Amazon Hasn’t Turned Over Echo Recordings Related To Murder Investigation
Nearly two months after police investigating a homicide in Arkansas served Amazon with search warrants, requesting any information that may have been stored on an Echo speaker located inside the suspect’s home. They wanted to know if the device’s “Alexa” virtual assistant had recorded any evidence of the murder, but Amazon has thus far refused to turn this information over to authorities.
Amazon last week filed a 91-page motion [PDF] to quash the search warrant, claiming that there hasn’t been a basis to conclude that the investigation is more important than the customer’s right to privacy. Amazon argues that information contained or recorded by the device is protected by the First Amendment.
Amazon says it is not trying to obstruct a lawful investigation, but is seeking to protect the privacy rights of its customers.
The company first became involved in the murder investigation back in December when authorities in Bentonville, AR, filed search warrants requesting any information that may have been recorded by the suspect’s Echo speaker located in a home where a homicide occurred in November 2015.

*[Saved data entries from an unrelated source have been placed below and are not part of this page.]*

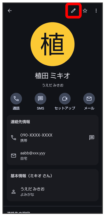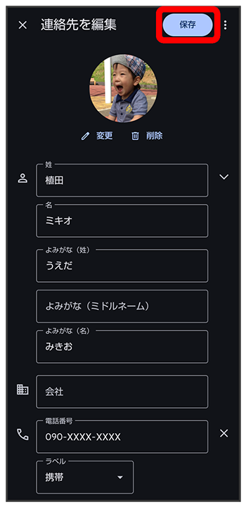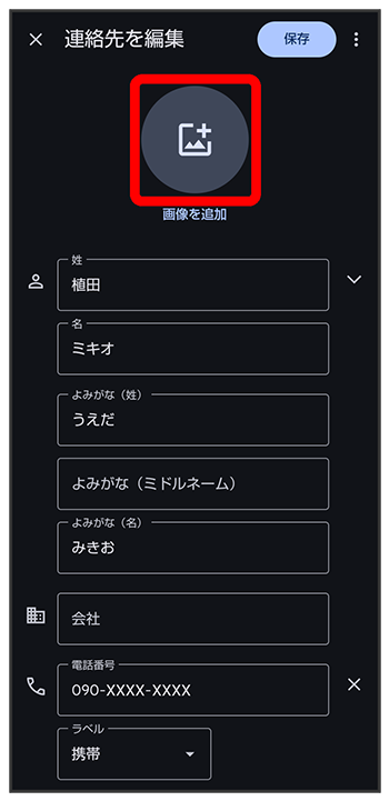 - 連絡先に画像が設定されている場合は、設定されている画像またはをタップするとと表示されます。をタップすると、画像を削除することができます。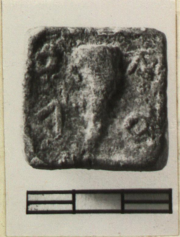 | Description: | Small square block with elongated object (cornucopia ?) and letters in relief on upper face. | |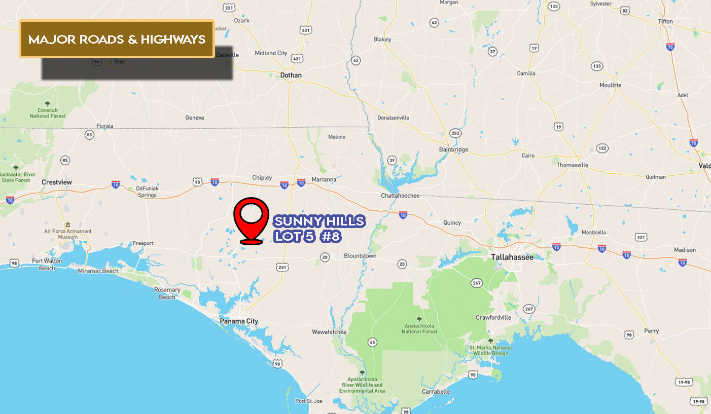 Located in Sunny Hills Unit 8, Washington County, Florida, this lot is approximately 46 minutes via FL-79 N to the heart of Panama City and just 4 minutes to the beautiful Sunny Hills Golf & Country Club, a popular destination known for its wide fairways and relaxing atmosphere — perfect for golf lovers and nature enthusiasts alike.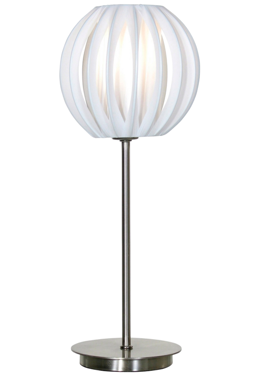 Bordslampa Plastband, gjord av vita plastband virade runt metallstomme, pinnfot i krom. Diameter 15 cm Höjd 38 cm. Lamphållare E14 Max 25W.

The police believe that possible Echo recordings from Nov. 21 and Nov. 22, 2015 may provide evidence in the case against a man accused of drowning another man in a hot tub.
While the Echo only records after hearing its wake word, “Alexa,” it is constantly listening for the command. Because of this, police believe that the device may have recorded ambient or background noise at the time of the murder.
Amazon previously provided police with the suspect’s account information and purchase history, but not the data transmitted from the Echo to Amazon’s servers.
According to Amazon’s recent filing, the warrant should be quashed unless the court finds that the state has met heightened burden for compelled production of such materials.
Specifically, authorities must demonstrate a compelling need for the information sought, including that it is not available from other sources, and a sufficient connection between the information and the subject of the criminal investigation.
Amazon argues that the recordings made by the speaker are protected speech under the First Amendment and that information potentially contained on the device would reveal too much about the user and their interests.
“Once the Echo device detects the wake word, the Alexa Voice Service endeavors to respond to any ensuing voice communications detected in the user’s home,” the company says. “Accordingly, searching Alexa’s recordings is not the same as searching a drawer, a pocket, or a glove compartment. Like cell phones, such modern ‘smart’ electronic devices contain a multitude of data that can ‘reveal much more in combination than any isolated record,’ allowing those with access to it to reconstruct ‘[t]he sum of an individual’s private life.'”
As a result, the recordings stored by Amazon for a subscriber’s Echo device will usually be both the user’s speech, in the form of a request for information from Alexa, and a transcript or depiction of the Alexa Voice Service response conveying the information it determines would be most responsive to the user’s query.
According to Amazon, both types of information are protected speech under the First Amendment.
If the court determines that prosecutors have met the heightened burden, Amazon is asking the court to review the requested material first to ensure that it is actually relevant to the case.
A rep for Amazon tells the Associated Press that the company “will not release customer information without a valid and binding legal demand properly served on us. Amazon objects to overbroad or otherwise inappropriate demands as a matter of course.”